▶ Exercise prompt
Take the listing from its first line through the line that contains "woestijnnacht.... Mijn paard" and please retype those lines exactly, leaving out the pictures.

▶ Available data
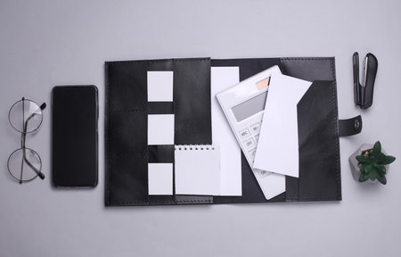 Black Leather organizer folder for paper with white business cards, notebook, calculator, smartpgone on gray background. Flat lay
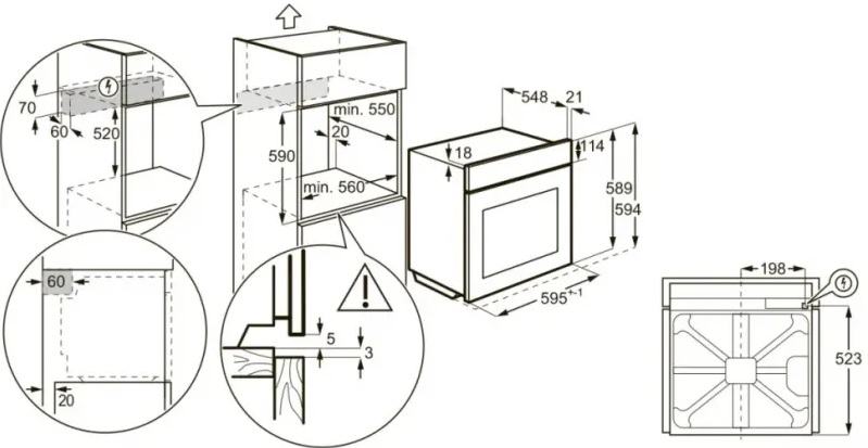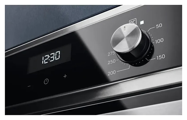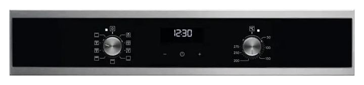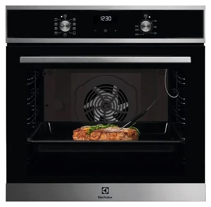 Встраивамый электрический духовой шкаф Electrolux EOF5F70X предназначен для приготовления большого ассортимента блюд в домашних условиях. Модель оснащена камерой с расположенными в задней стенке кольцевым нагревательным элементом и вентилятором, верхним и нижним нагревательными элементами, верхним грилем, 2 боковыми стойками с 5 уровнями направляющих для противней, откидной дверью со смотровым окном, уплощенной горизонтальной рукояткой, кабелем питания с евровилкой (Shuko), расположенной в верхней части фронта панелью управления с 2 цилиндрическими поворотными переключателями, сенсорными функциональными клавишами и светодиодным дисплеем с белой подсветкой индикации. Корпус выполнен из высококачественной стали, фронт двери и верхней панели с покрытием черного цвета и частичным остеклением без винтового крепежа прозрачным закаленным стеклом, боковые стойки, направляющие и решетка для гриля – из металла с хромированной поверхностью, противни – из металла с эмалированным покрытием, рукоятка, переключатели и декоративные фронтальные рамки – из металла с матовой поверхностью цвета нержавеющей стали.
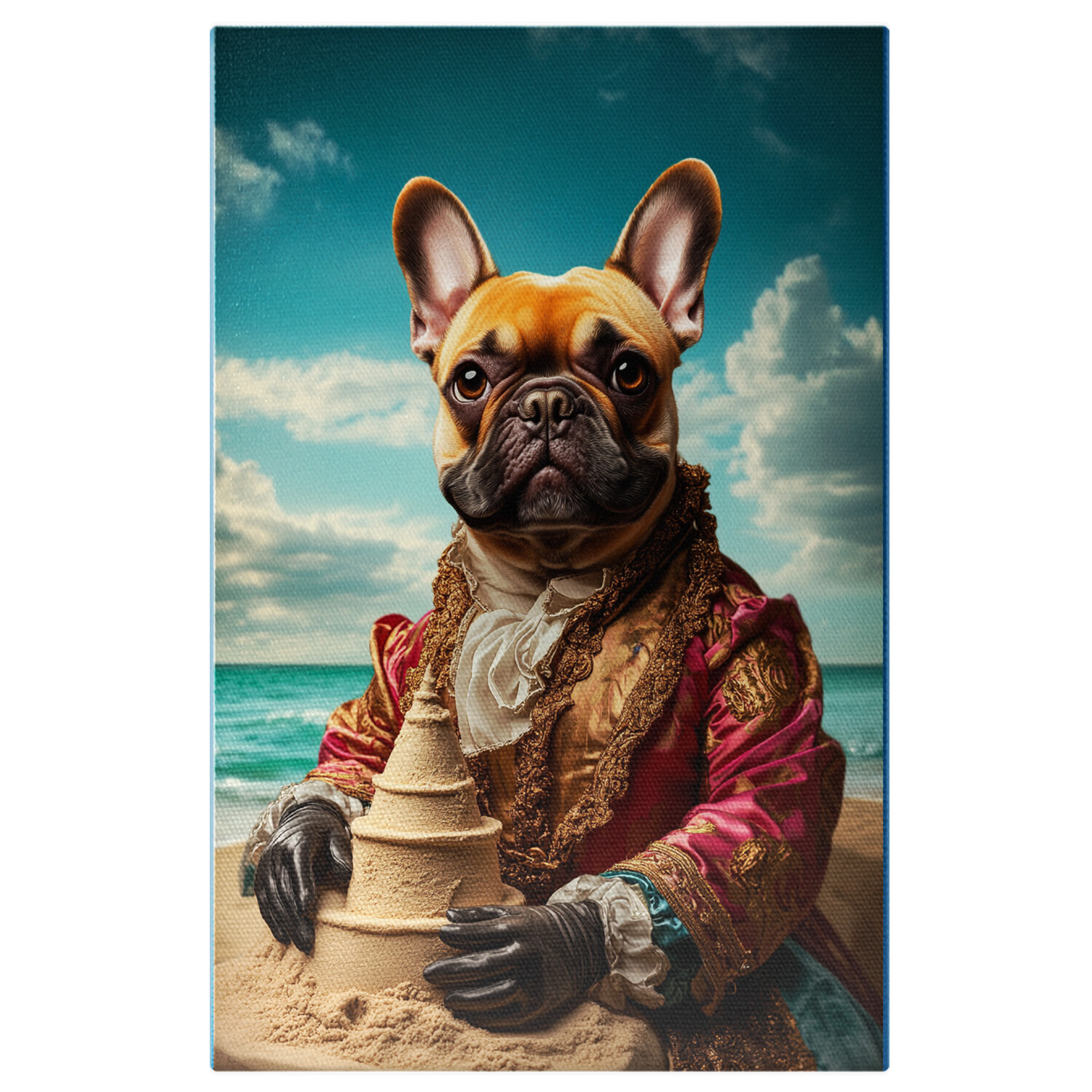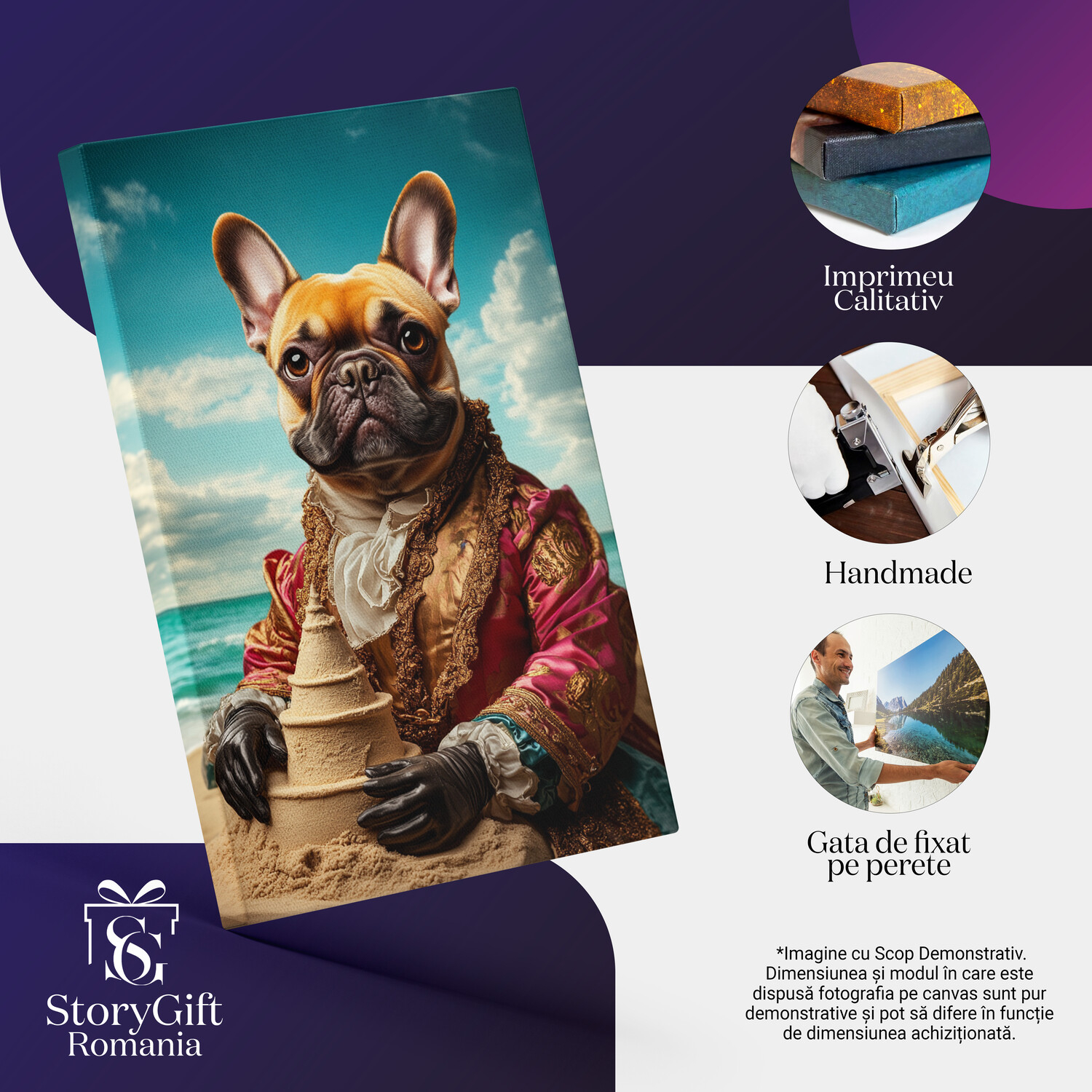 Tablou Canvas Personalizat Conte regal Pe Plaja Construin Castele De Nisip, Tinuta Eleganta regala Rosie Si Albastra, Guler Inalt stil ruff 40x25CM
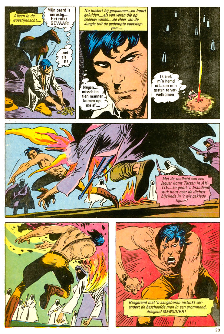 woestijnnacht.... Mijn paard is onrustig.... Het ruikt GEVAAR! ...net als IK! Nu luistert hij gespannen... en hoort geluiden.... als van veren die op sneeuw vallen.... de Heer van de Jungle telt de gedempte voetstappen.... Negen.... misschien tien mannen.. komen op me af.... Ik trek m'n hemd uit... om m'n gasten te verwèlkomen! Met de snelheid van een jaguar komt Tarzan in AKTIE.... en gooit 'n brandend stuk hout naar de dichtstbijzijnde in 't wit geklede figuur! Reagerend met 'n aangeboren instinkt verandert de beschaafde man in een grommend, dreigend MENSDIER! |
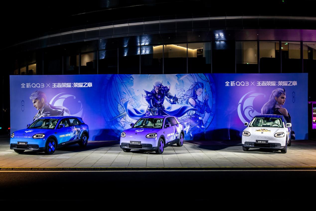 发布会的最高潮,来自跨界IP的联动。当《王者荣耀·荣耀之章》的人气IP角色穿越次元壁出现在舞台上时,现场年轻粉丝的欢呼声几乎掀翻屋顶。奇瑞汽车在现场首次展示了全新QQ3 ×《王者荣耀》联名车衣。这款车衣将游戏中的经典峡谷元素与QQ的Q萌造型完美融合,标志着QQ3不仅仅是一台代步工具,更是年轻消费者社交属性的“快乐搭子” 。
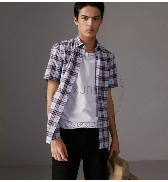 [스페셜오더]BURBERRY-80029271 버버리 쇼트 슬리브 라벤더 블루 체크 셔츠
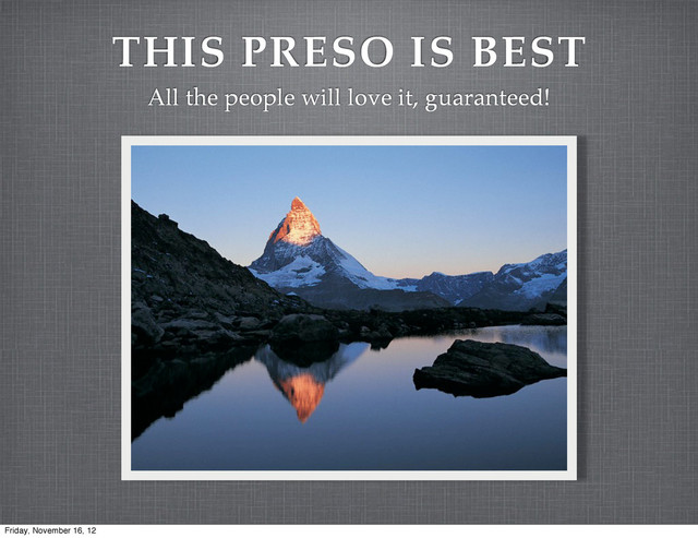 guaranteed! Friday, November 16, 12
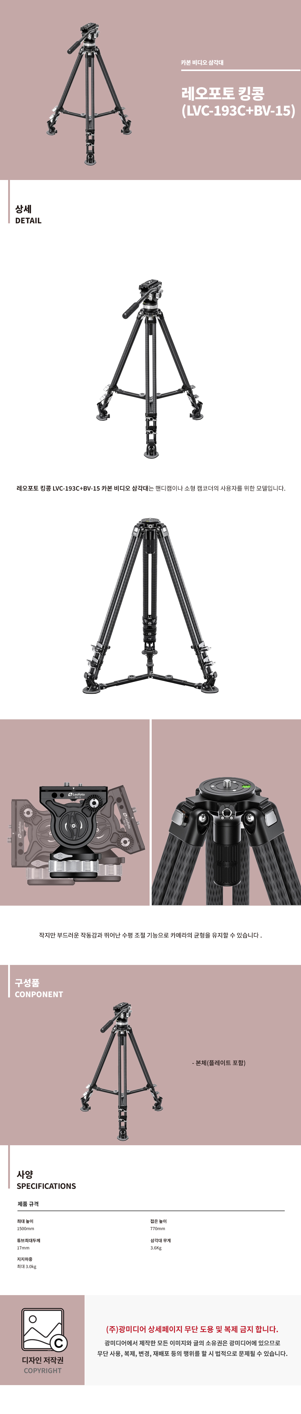 기본) Leofoto 킹콩(LVC-193C + BV-15) 카본 삼각대
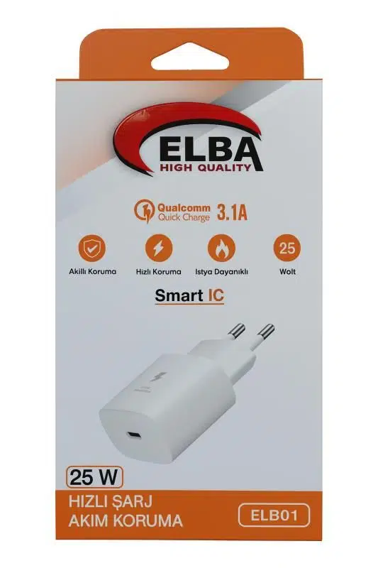 Elba ELB01-25WPD Beyaz 25W USB-C Şarj Kafa, hızlı, güvenli ve dayanıklı bir şarj çözümü arayanlar için ideal seçimdir.
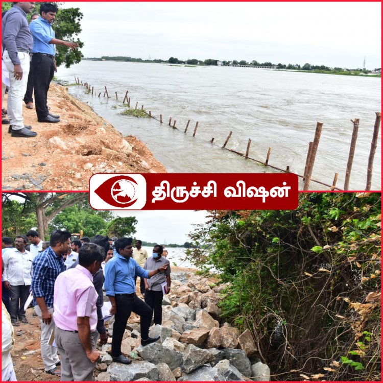ஸ்ரீரங்கம் மூலதோப்புப் பகுதியில் காவிரி ஆற்றின் நீர்வரத்தினை மாவட்ட ஆட்சித் தலைவர் மா. பிரதீப் குமார், நேரில் பார்வையிட்டு, ஆற்றின் கரை உறுதித் தன்மை குறித்து அலுவலரிடம் கேட்டறிந்து ஆய்வு செய்து உரிய பாதுகாப்பு நடவடிக்கைகளை மேற்கொள்ள அலுவலர்களுக்கு உத்தரவிட்டார்.
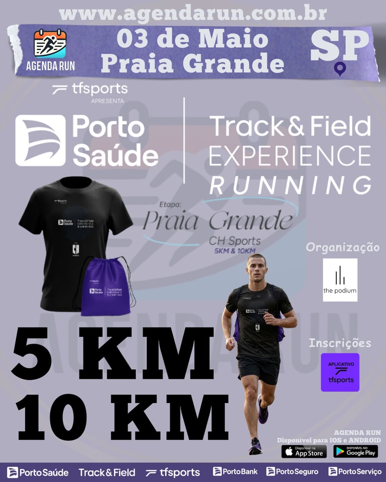 Prepare-se para sentir a energia do mar e superar seus limites! A Track&Field Experience chega à Praia Grande trazendo toda a exclusividade e infraestrutura de um dos maiores circuitos de corrida de rua da América Latina. Com um cenário incrível e o clima vibrante do litoral, cada passo será acompanhado pela brisa do mar, proporcionando aquela sensação única que só o pé na areia e o asfalto da orla oferecem. Seja para bater seu recorde pessoal nos 10km ou para viver sua primeira experiência nos 5km, este evento é o convite perfeito para unir esporte, saúde e uma vista de tirar o fôlego. Garanta sua inscrição pelo aplicativo TF Sports e venha largar rumo à sua próxima conquista!

▶ Exercise solution
 Black Leather organizer folder for paper with white business cards, notebook, calculator, smartpgone on gray background. Flat lay
 Встраивамый электрический духовой шкаф Electrolux EOF5F70X предназначен для приготовления большого ассортимента блюд в домашних условиях. Модель оснащена камерой с расположенными в задней стенке кольцевым нагревательным элементом и вентилятором, верхним и нижним нагревательными элементами, верхним грилем, 2 боковыми стойками с 5 уровнями направляющих для противней, откидной дверью со смотровым окном, уплощенной горизонтальной рукояткой, кабелем питания с евровилкой (Shuko), расположенной в верхней части фронта панелью управления с 2 цилиндрическими поворотными переключателями, сенсорными функциональными клавишами и светодиодным дисплеем с белой подсветкой индикации. Корпус выполнен из высококачественной стали, фронт двери и верхней панели с покрытием черного цвета и частичным остеклением без винтового крепежа прозрачным закаленным стеклом, боковые стойки, направляющие и решетка для гриля – из металла с хромированной поверхностью, противни – из металла с эмалированным покрытием, рукоятка, переключатели и декоративные фронтальные рамки – из металла с матовой поверхностью цвета нержавеющей стали.
 Tablou Canvas Personalizat Conte regal Pe Plaja Construin Castele De Nisip, Tinuta Eleganta regala Rosie Si Albastra, Guler Inalt stil ruff 40x25CM
 woestijnnacht.... Mijn paard is onrustig.... Het ruikt GEVAAR! ...net als IK! Nu luistert hij gespannen... en hoort geluiden.... als van veren die op sneeuw vallen.... de Heer van de Jungle telt de gedempte voetstappen.... Negen.... misschien tien mannen.. komen op me af.... Ik trek m'n hemd uit... om m'n gasten te verwèlkomen! Met de snelheid van een jaguar komt Tarzan in AKTIE.... en gooit 'n brandend stuk hout naar de dichtstbijzijnde in 't wit geklede figuur! Reagerend met 'n aangeboren instinkt verandert de beschaafde man in een grommend, dreigend MENSDIER! |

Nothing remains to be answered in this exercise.